Wednesday, October 6, 2010

snarky


Maureen "Mo" Dowd is a Pulitzer Prize winning editorial columnist for the New York Times. I don't tend to read her columns; she has been described as a "snarky" liberal, with which I have no problem (snarky? I guess if you give wide media coverage to Paris Hilton and Mittel-Amerika puts Oprah Winfrey in charge of the reading list, expressions like this creep into the language), but Mo's writing strikes me as if she is unaware that American literature existed before 1966. Nevertheless, her description of a Get Motivated! seminar is interesting:

"The second time the beach ball hit me on the head, I started feeling motivated.

"Not to become an instant millionaire with the help of Jesus and some cheesy business evangelists. Rather, I felt motivated to flee the 9-hour, $9.95 Get Motivated! seminar at the Verizon Center, which had devolved into a faux beach party with DJs playing ’80s music and audience members tossing around plastic beach balls and dancing to Michael Jackson’s “Thriller” and Van Halen’s “Jump.”

"But I stayed in the church of capitalism, determined to hear what wisdom headliners Colin Powell, Rudy Giuliani, Dan Rather, Steve Forbes and Terry Bradshaw would dispense."

This is the Get Motivated website:

http://www.getmotivated.com/

"The GET MOTIVATED Seminar is an action-packed, fun-filled, explosive, exciting, inspiring, skill-building business event that is world famous for its mega-watt superstar speakers and spectacular stage production. This blockbuster one-day seminar will give you proven strategies to sharpen your business skills, ignite your motivation, accelerate your effectiveness and increase your income!

"Only the BEST of the BEST appear on our stage! Dazzling pyrotechnics, live music and stunning special effects set the stage for our superstar speakers who deliver riveting presentations packed with cutting-edge skills for success.

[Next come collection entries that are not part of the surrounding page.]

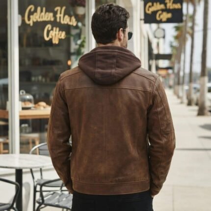 Handmade Slim Fit Brown Leather Jacket with Hood – Men’s Motorcycle Biker Coat
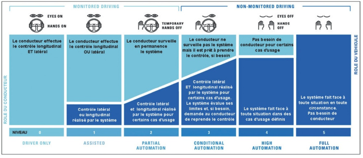 En 1964, Isaac Asimov décrivait un futur où les véhicules n’auraient plus besoin de conducteur pour déplacer ces passagers. Cette utopie tend à devenir une réalité avec les prouesses technologiques qui voient le jour ces dernières années. Mais de quoi parle-t-on lorsque l’on le parle de mobilité autonome ? L’automatisation des véhicules peut se décliner selon 5 grands axes : assistance à la conduite, automatisation partielle, automatisation conditionnelle, automatisation élevée, automatisation complète. Aujourd’hui, cette nouvelle technologie a été rendu possible notamment avec l’essor des technologies de perception et d’interprétation des informations.
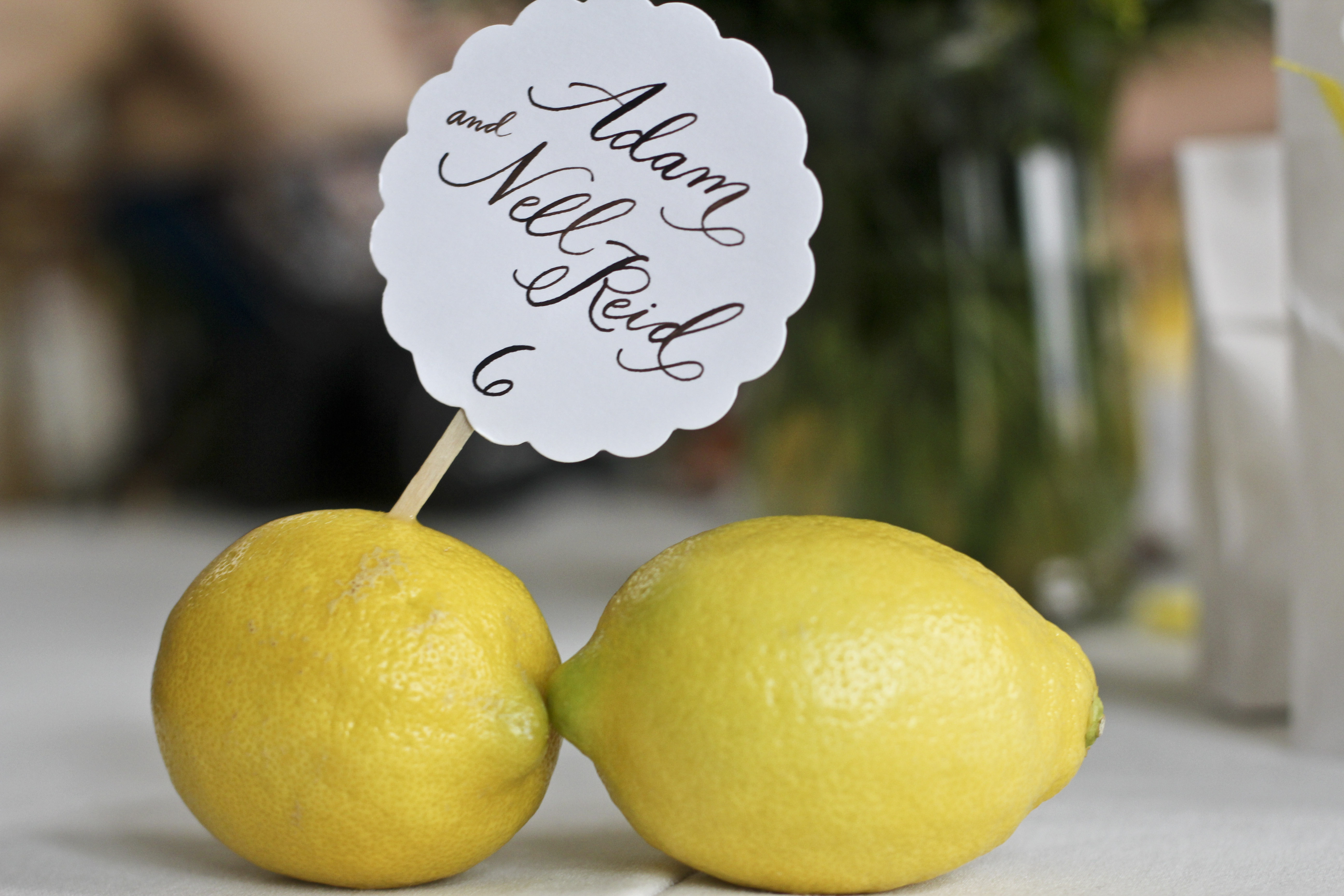 Then came the main event.  Yvonne’s favorite color is yellow – so yellow was the theme running throughout.  Our seat assignments were made of adorable lemons with the most beautiful calligraphy:
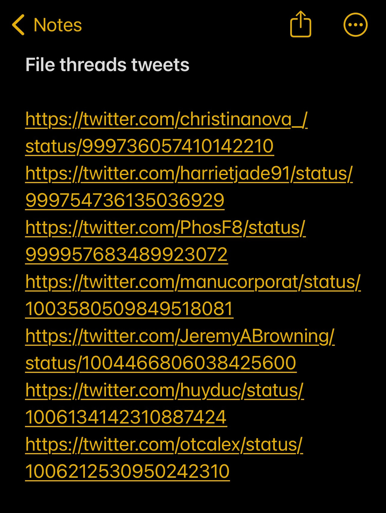 As with most everything, at first we said no nicely. We appreciated the input and thanked them for it. But people still requested things. So Matt collected those requests in a simple Notes file and shared the collected feedback with our product team as evidence of a feature’s desirability. Here’s a screenshot of his Notes file for threaded file comments.
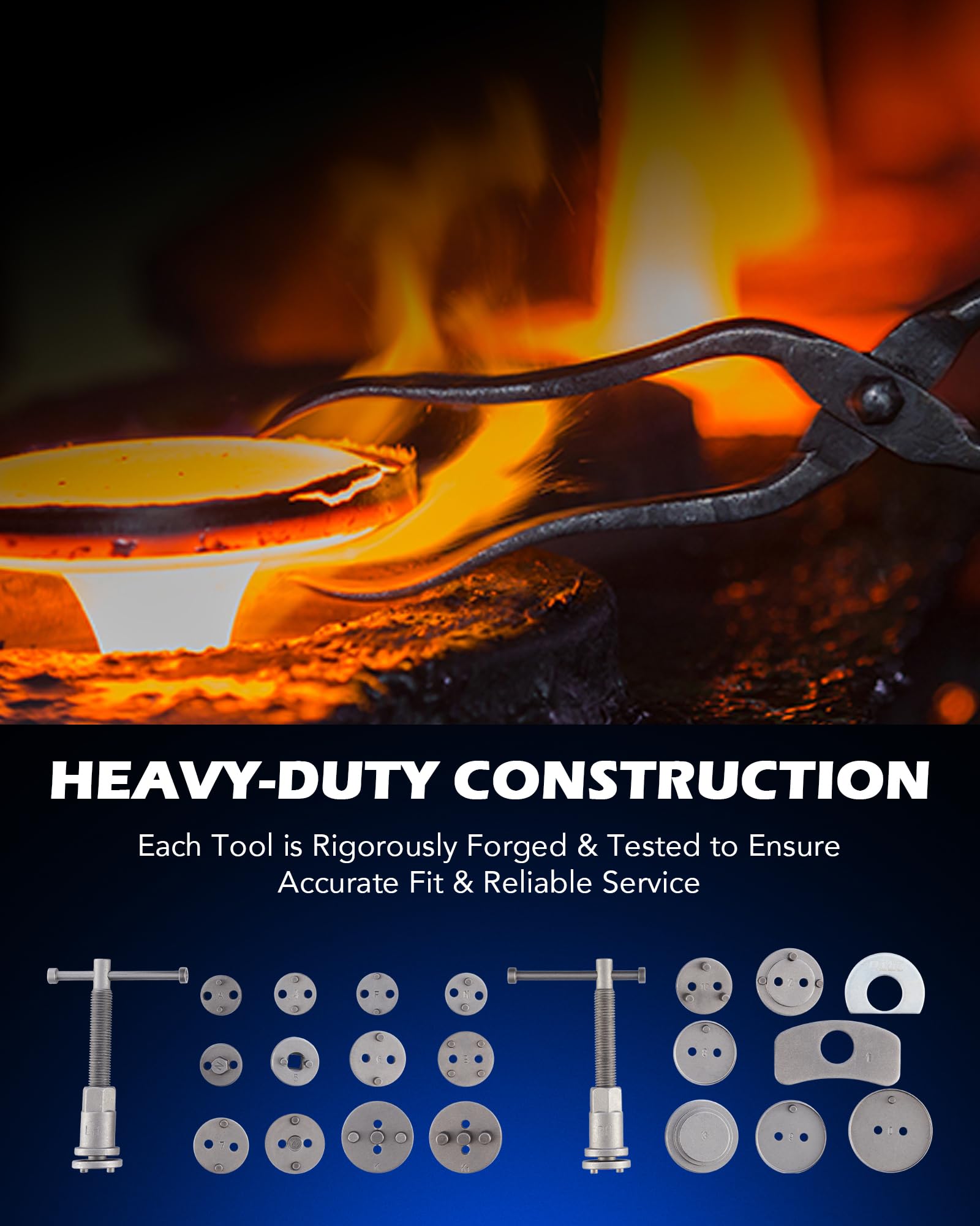 EASY TO USE: Attach the plate to the handle, select the disc adapter that fits your vehicle, and turn the pistons back into their calipers to release your brake pads. Embedded magnets in each pressure bolt assembly easily hold your drive keys and adapters in place during use.
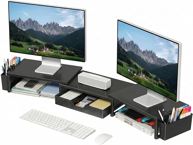 - 【Ergonomic Eye-Level Comfort】Say goodbye to neck pain. Easily raise your monitor or laptop to the perfect height with our ergonomic dual monitor stand. This ideal positioning reduces strain, improves posture, and keeps you comfortable all day long—whether it's work, study, or gaming
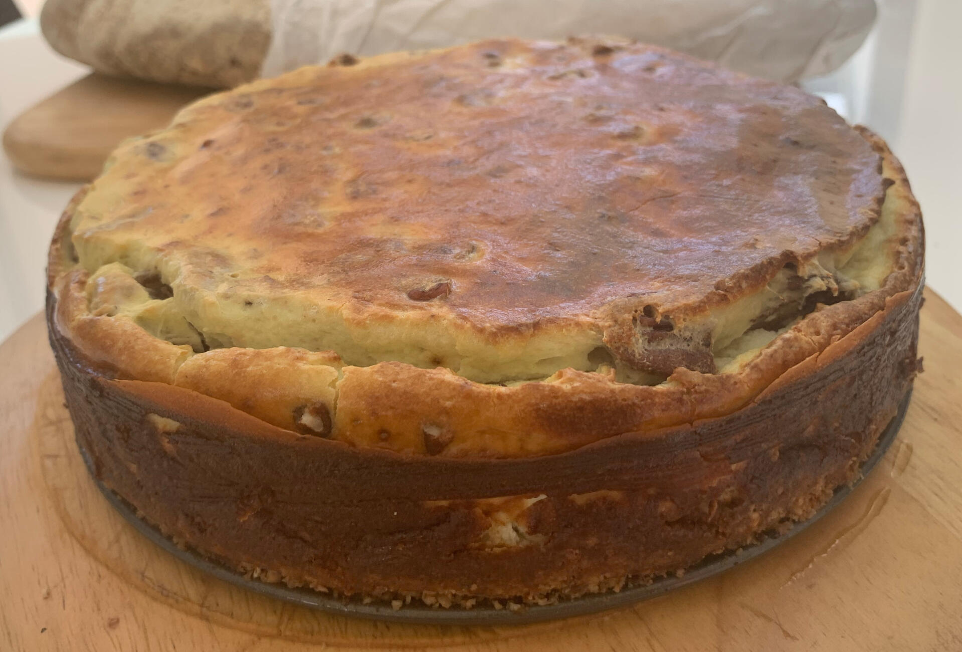 Spoon the cheese mixture on top of the base then bake in the oven for 1 hour.
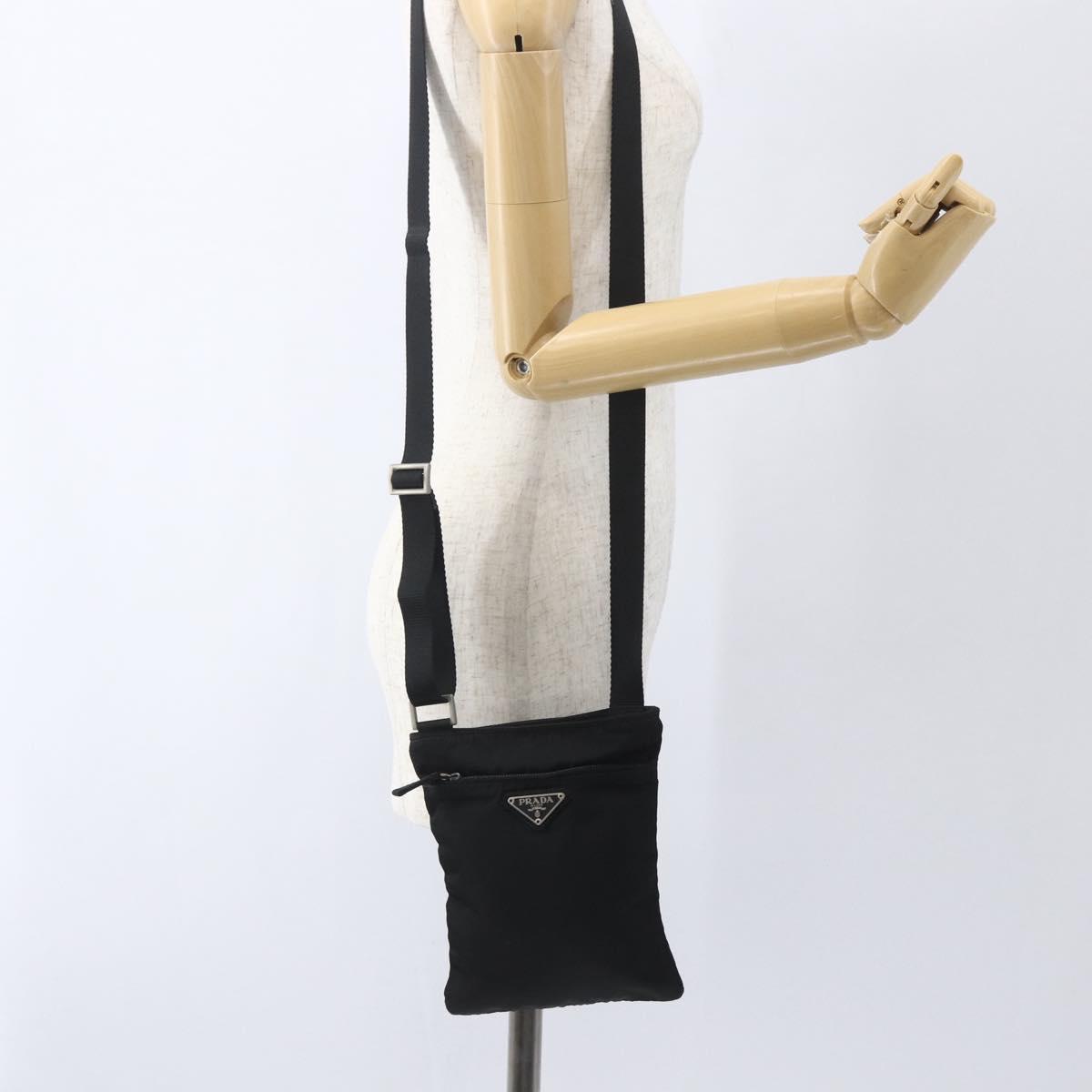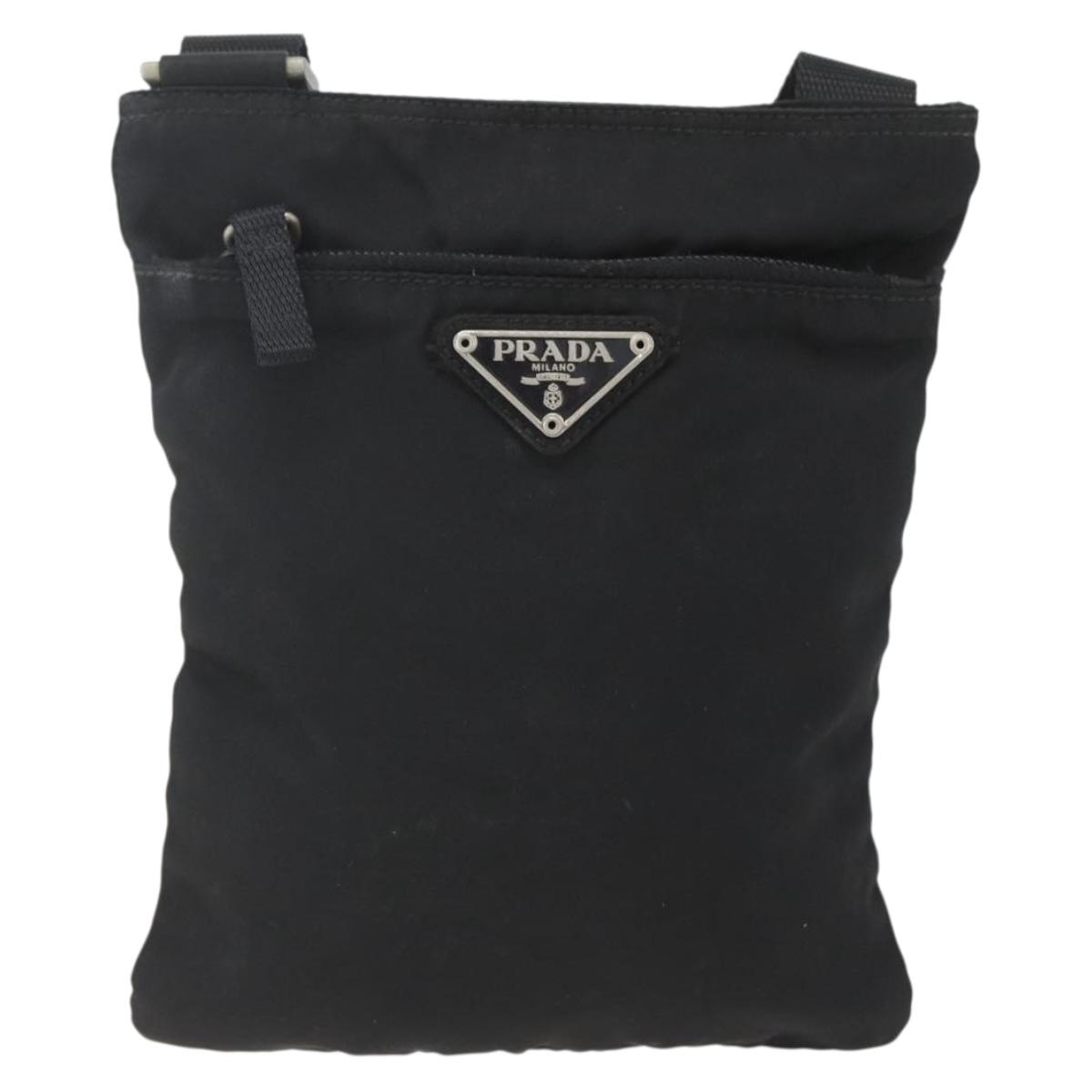 PRADA Shoulder Bag Nylon Black Silver Auth 168360

"The GET MOTIVATED Seminar will give you and your team the latest and greatest information in the arenas of time management, leadership, goal achievement, sales training, negotiation, finances, investing, relationships, health, spiritual success, business strategies, motivation, communication skills and much more!"

Has the American educational system produced a generation of people who would be hard pressed to compete with sponges and coral?

What if you just want to take a shit and watch teevee?